La pérdida de mayor envergadura, la que arrastra con el gran valor de la dignidad humana, es la de convertir a un individuo en objeto, en una mercancía, la de convertirlo finalmente en un ser desprovisto de libertad y voluntad propia.
Este es el punto de despegue inevitable para defender a las víctimas de tanto atropello y rescatarlas de la condición a la que han sido reducidas. El delito de trata de personas es por todo ello un delito contra los derechos humanos, una agresión total que ofende los principios fundamentales en que se basa la existencia digna del ser humano.
Desde otra perspectiva, si algo da razón a nuestra vida es la identidad y la pertenencia, que nos garantiza un plus de dignidad: somos parte de un país, de una familia, de un gremio, de un barrio o de una iglesia. Ese horizonte propio se traduce en ejercicio de derechos. Cuando realizamos una decisión migratoria, inclusive aquella que se hace en condiciones de absoluta libertad, ella implica algunas renuncias familiares y sociales; no obstante, viajamos con nuestra dignidad en el equipaje. El riesgo mayor que podríamos enfrentar en nuestro periplo es el de ser tratados como objetos, ser vendidos o esclavizados.
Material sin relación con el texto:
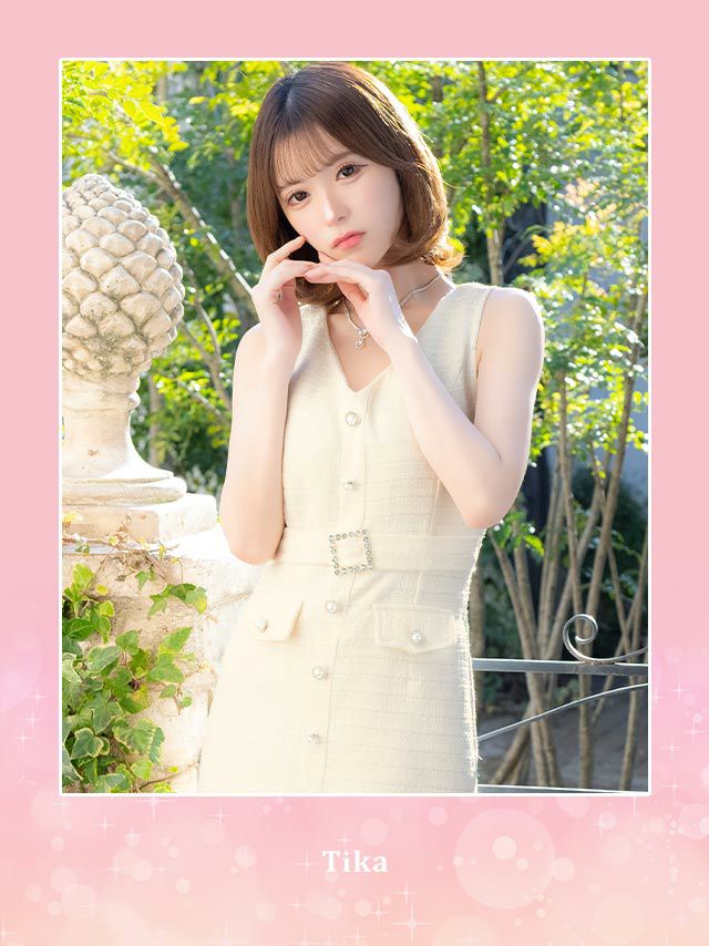 4. [SALE] ノースリーブフロントビジューボタンウエストベルト付き裾フリルツイードタイトミニドレス (Sサイズ~XLサイズ) (若林萌々/キャバドレス着用)
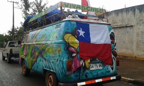 Torcedores do Chile passaram por Campo Mourão rumo ao Rio de Janeiro para torcer pela seleção chilena. De Kombi! O flagra foi feito por Leandro Giovanni e Diego Reis. A Kombosa teve um defeitinho e precisou ir pra oficina em Campo Mourão. Olha aí a Fifa World Cup rendendo divisas "pra nóis" também...

Cada vez que pensamos en la esclavitud se vienen a la mente imágenes del pasado, como en el caso de la colonización española en que indígenas y africanos fueron sometidos a condiciones oprobiosas en los obrajes, en las mitas y en las encomiendas; o la imagen que en la tradición cristina constituye la historia de José hijo de Jacob vendido por sus propios hermanos; o inclusive la “triste historia de la Cándida Eréndira” en la Literatura… Pero la esclavitud no ha concluido, la OIT informa que en el mundo se calcula que existen más de doce millones de personas obligadas a trabajos forzados y casi la mitad son niños[1] y la cifra siendo enorme, resulta aún conservadora.
Los “diamantes de sangre” o la explotación del coltán en África constituyen una muestra palpable de las condiciones de esclavitud de cierta población, que con frecuencia dibuja el rostro de niños y niñas hambrientos y sin escuela.
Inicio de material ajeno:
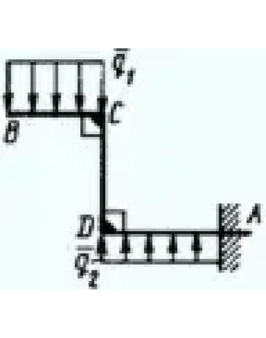 На изогнутую балку АВ, заделанную в стену, действуют распределенные нагрузки интенсивностью q1 = 5 Н/м и q2 = 3 Н/м. Определить момент заделки, если длины ВС = 3 м, AD = 5 м.
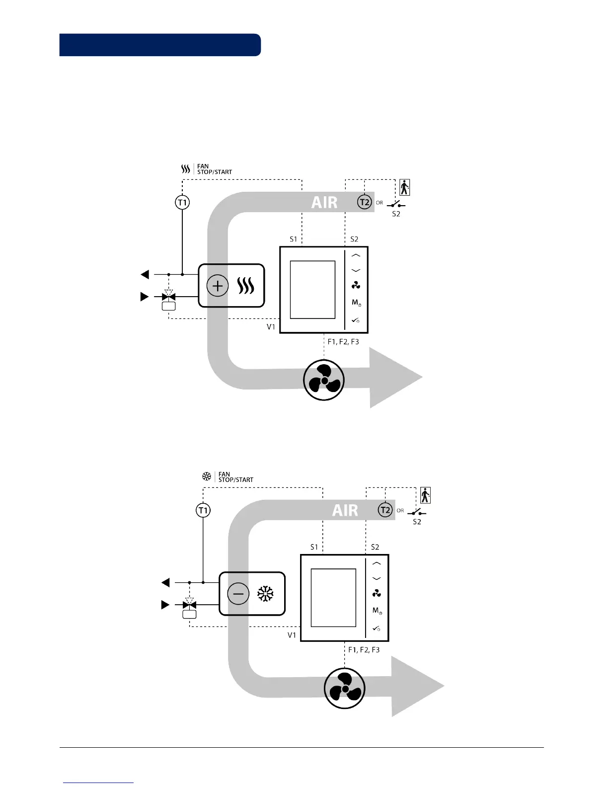 Below you can find some possible usage diagrams for the Fan Coil thermostat, depending on the on your

En las dos vías, desde y hacia nuestro país, subsiste el fenómeno de sometimiento a verdaderas condiciones de explotación que configuran casos de trata. La Policía especializada en niños, niñas y adolescentes, de Ecuador, ha puesto de manifiesto en la última década la magnitud del fenómeno, aunque subsiste cierto grado de confusión sobre diferentes tipos penales, en que se rescatan formas de explotación laboral, para la mendicidad y la servidumbre, tanto como para la explotación sexual.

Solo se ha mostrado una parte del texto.